* _Dataset section_
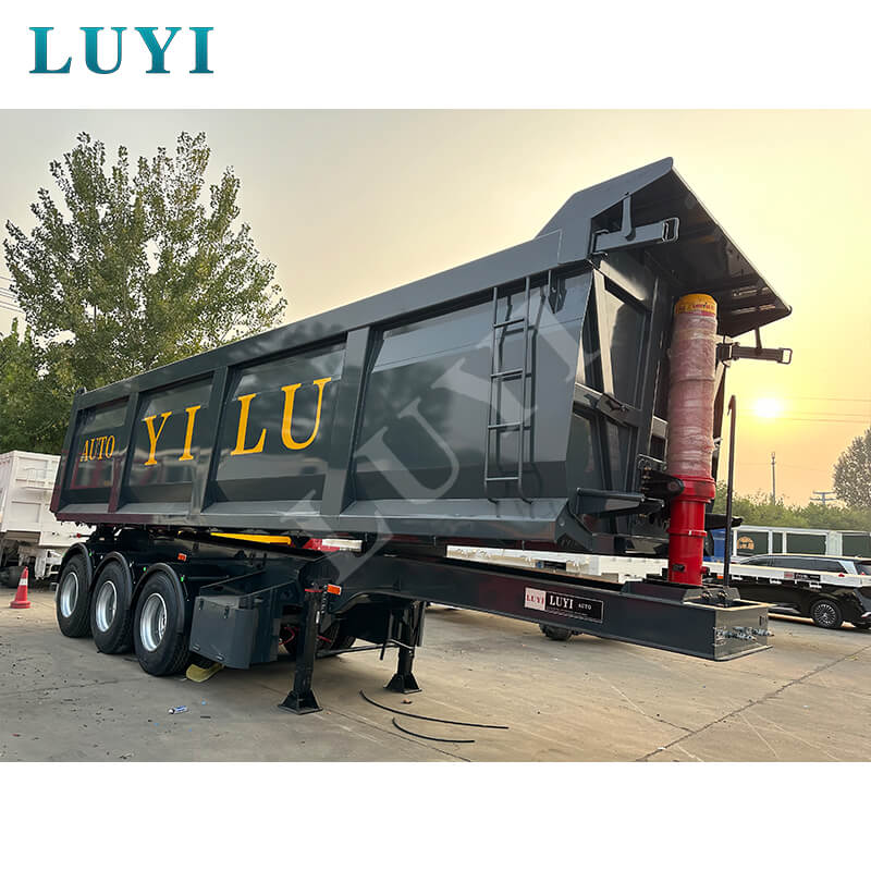 Mithilfe eines hydraulischen Hebesystems kann die Ladebox zum Entladen um 45–60° nach hinten gekippt werden. Das Hecköffnungsdesign macht die Bedienung einfach und effizient und ermöglicht eine kurze Entladezeit. Ausgestattet mit Druckluftbremsen, mechanischer/Blattfederaufhängung und einem Standard-Zugbolzen ist es mit den meisten Schwerlasttraktoren kompatibel und weist niedrige Wartungskosten auf. Die schwarze Beschichtung ist schmutzabweisend und pflegeleicht. Ob für den Kurzstreckentransport von Materialien wie Kohle, Erz und Kies oder für den konformen Ferntransport auf der Straße, es ist ein zuverlässiger und effizienter Transportpartner.
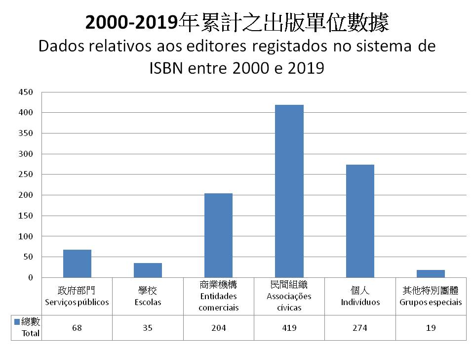 2019度新申請加入國際標準書號系統的出版單位共有65個(包括3個政府部門、17間商業機構、22個民間組織、22名個人及1個其他特別團體),較2018年增加6.8%,累計總數有1,019個,包括68個政府部門、35所學校、204間商業機構、419個民間組織、274名個人及19個其他特別團體,與2000年ISBN中心成立首年受理的62個出版單位相較,增幅超過16.4倍。數據反映,澳門特別行政區的出版事業正穩步發展,出版單位對於申辦國際標準書號的意識已日益增強,而圖書出版的國際標準化,將有利於澳門圖書推向國際市場。
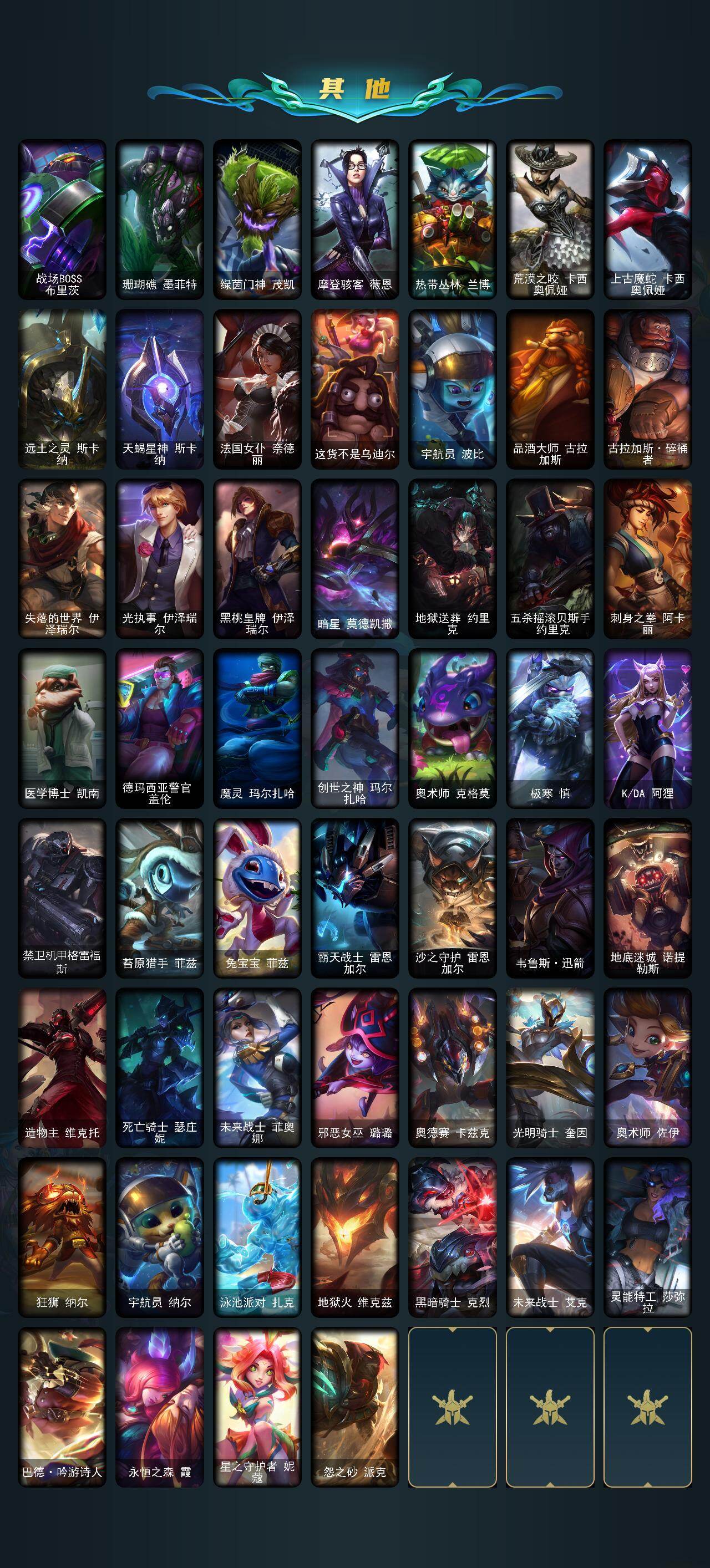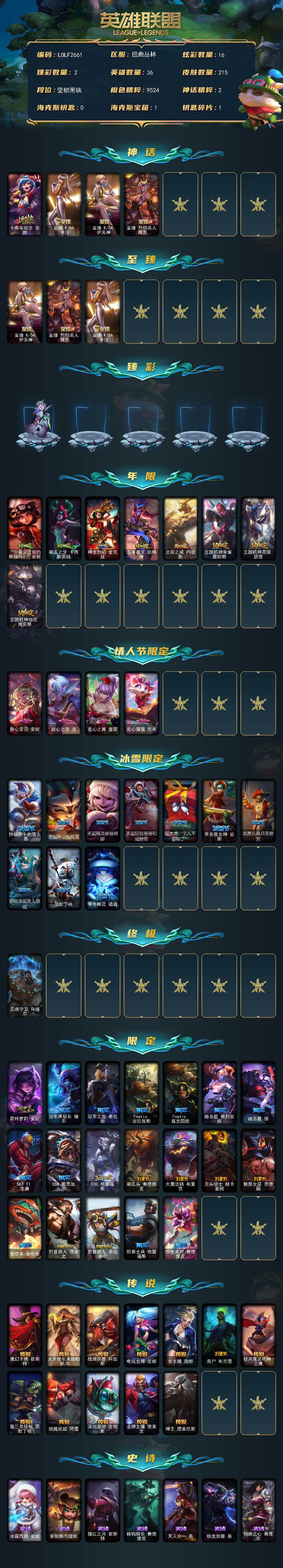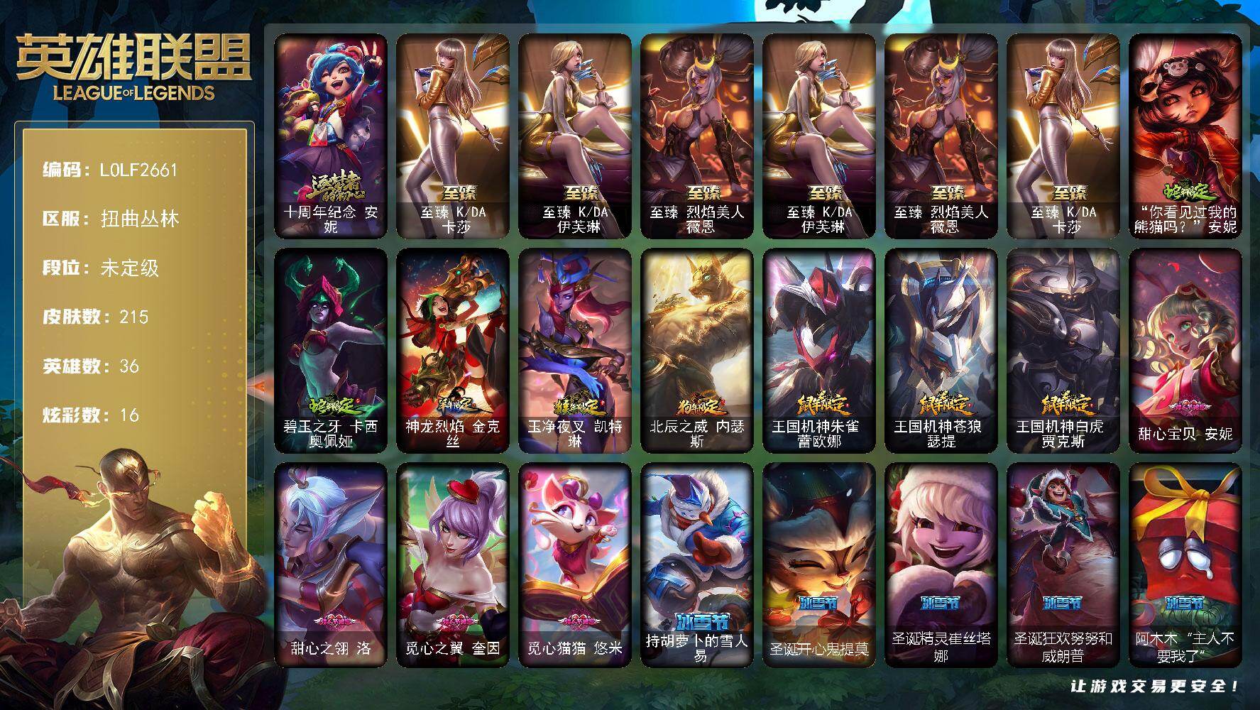 【418139】【LOLF2661】36英雄/215皮肤/1终极/4神话/41限定/2臻彩/16炫彩/12传说/56史诗/未定级/十周年纪念安妮/至臻K/DA卡莎/至臻K/DA伊芙琳/至臻烈焰美人薇恩/魔女阿卡丽虚荣/净雪之月莫甘娜冬虹/“你看见过我的熊猫吗?”安妮/碧玉之牙卡西奥佩娅/神龙烈焰金克丝/玉净夜叉凯特琳/北辰之威内瑟斯/王国机神朱雀蕾欧娜/王国机神苍狼瑟提/王国机神白虎贾克斯/甜心

* _Requirement_
Please transcribe the lines from the one containing "2019度新申請加入國際標準" to the last line of the listing, both included, exactly and with nothing added, leaving every picture out.

* _Answer_
 2019度新申請加入國際標準書號系統的出版單位共有65個(包括3個政府部門、17間商業機構、22個民間組織、22名個人及1個其他特別團體),較2018年增加6.8%,累計總數有1,019個,包括68個政府部門、35所學校、204間商業機構、419個民間組織、274名個人及19個其他特別團體,與2000年ISBN中心成立首年受理的62個出版單位相較,增幅超過16.4倍。數據反映,澳門特別行政區的出版事業正穩步發展,出版單位對於申辦國際標準書號的意識已日益增強,而圖書出版的國際標準化,將有利於澳門圖書推向國際市場。
 【418139】【LOLF2661】36英雄/215皮肤/1终极/4神话/41限定/2臻彩/16炫彩/12传说/56史诗/未定级/十周年纪念安妮/至臻K/DA卡莎/至臻K/DA伊芙琳/至臻烈焰美人薇恩/魔女阿卡丽虚荣/净雪之月莫甘娜冬虹/“你看见过我的熊猫吗?”安妮/碧玉之牙卡西奥佩娅/神龙烈焰金克丝/玉净夜叉凯特琳/北辰之威内瑟斯/王国机神朱雀蕾欧娜/王国机神苍狼瑟提/王国机神白虎贾克斯/甜心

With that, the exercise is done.